In vivo electroporation of proopiomelanocortin induces analgesia in a formalin-injection pain model in rats.

Opioids remain the most efficacious pharmacological agents for various clinical pain syndromes. Recently, various engineered cells capable of secreting opioidergic peptides have been applied to relieve pain in animal models. In vivo gene delivery by viruses encoding endogenous opioids has also been used with success. In this study, we attempted non-viral intrathecal in vivo gene delivery by electroporation to induce analgesia. Thirty Sprague-Dawley rats were used in this study, six in each of five groups. Rats were treated as follows: vehicle without electroporation (group A), vehicle with electroporation (group B), 100 microg of pCMV-hPOMC plasmid without electroporation (group C), or 100 microg of pCMV-hPOMC plasmid with electroporation (group D).
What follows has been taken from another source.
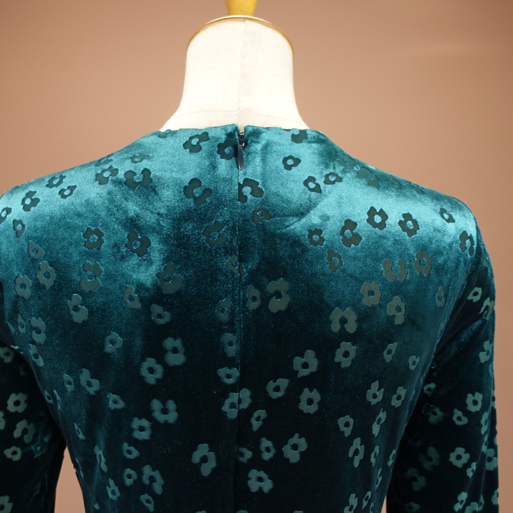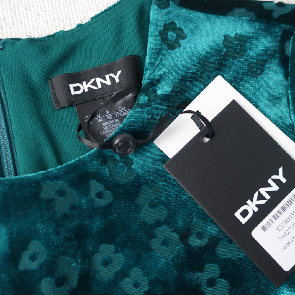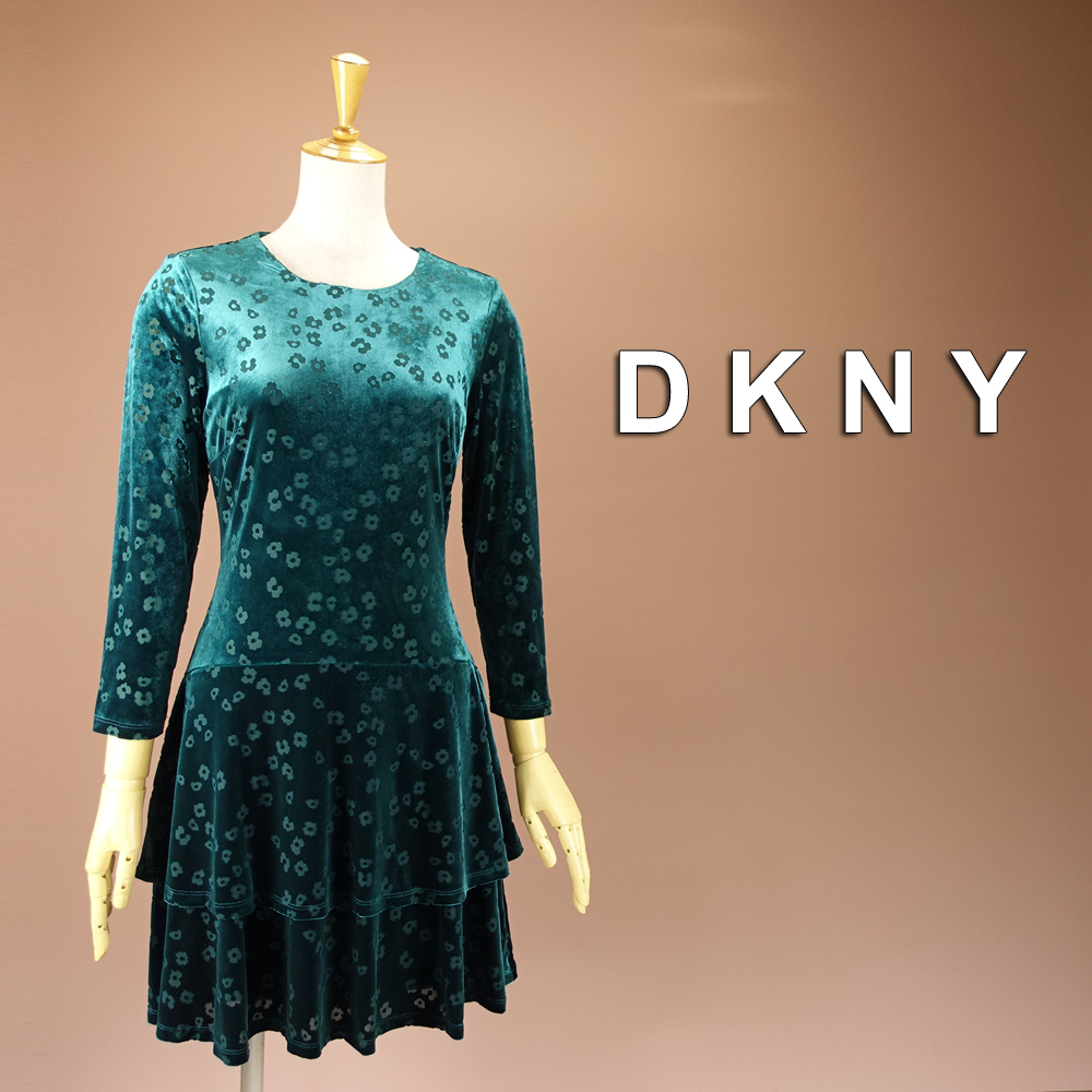 半額セール★新品 DKNY 10/15号 ダナキャラン 秋冬 緑 花柄 ベロア ワンピース パーティドレス 長袖 結婚式 二次会 謝恩会 輝21XX2404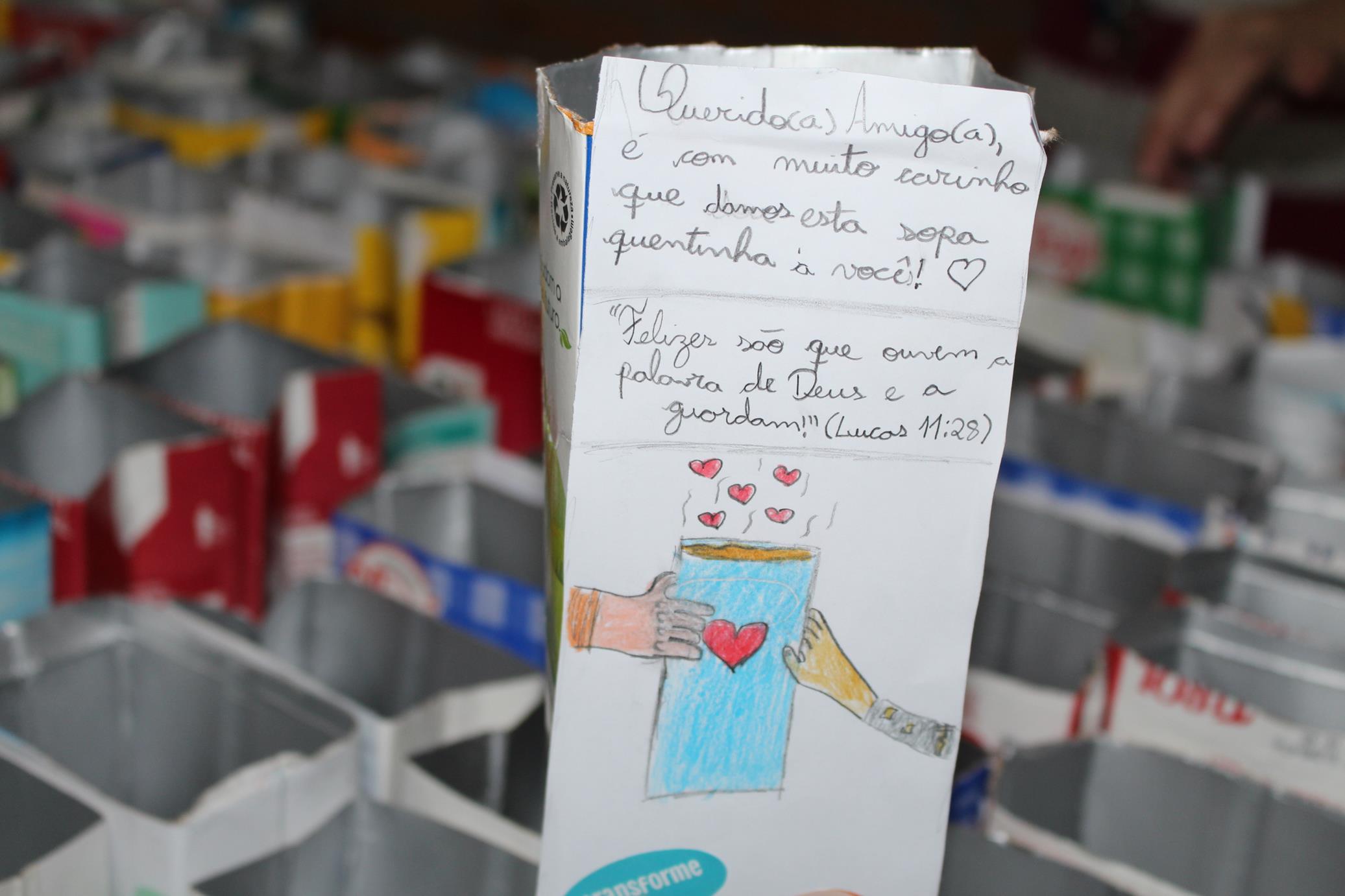Nessa segunda edição, as porções foram servidas em caixas de leite, doadas por familiares da Escola, e carinhosamente decoradas pelos alunos do 1º ao 5º ano/EF com palavras de incentivo e fé. As mensagens foram lidas e recebidas com muita alegria.

Group E was treated with both pCMV-hPOMC plasmid and electroporation, and given naloxone (1mg/kg) 1h before the formalin test. The tail flick, paw withdrawal latency from radiant heat, and formalin test results for each groups were compared. Radioimmunoassay (RIA) and reverse transcription-polymerase chain reaction (RT-PCR) were used to determine the levels of expression of beta-endorphin in the spinal cord. beta-Endorphin expression was localized by immunohistochemistry. A significant decrease in the number of flinches in phase 2 of the formalin test was observed in the group treated with both plasmid and electroporation (group D), whereas the other measures of pain did not differ between groups. RIA and RT-PCR both showed increased expression of beta-endorphin in group D. The expression of beta-endorphin was highest in laminae I and II of the dorsal horn of the spinal cord. We conclude that electroporation successfully delivered intrathecally administered pCMV-hPOMC into the dorsal horn cells of the spinal cord, and induced analgesia in phase 2 of the formalin test in rats.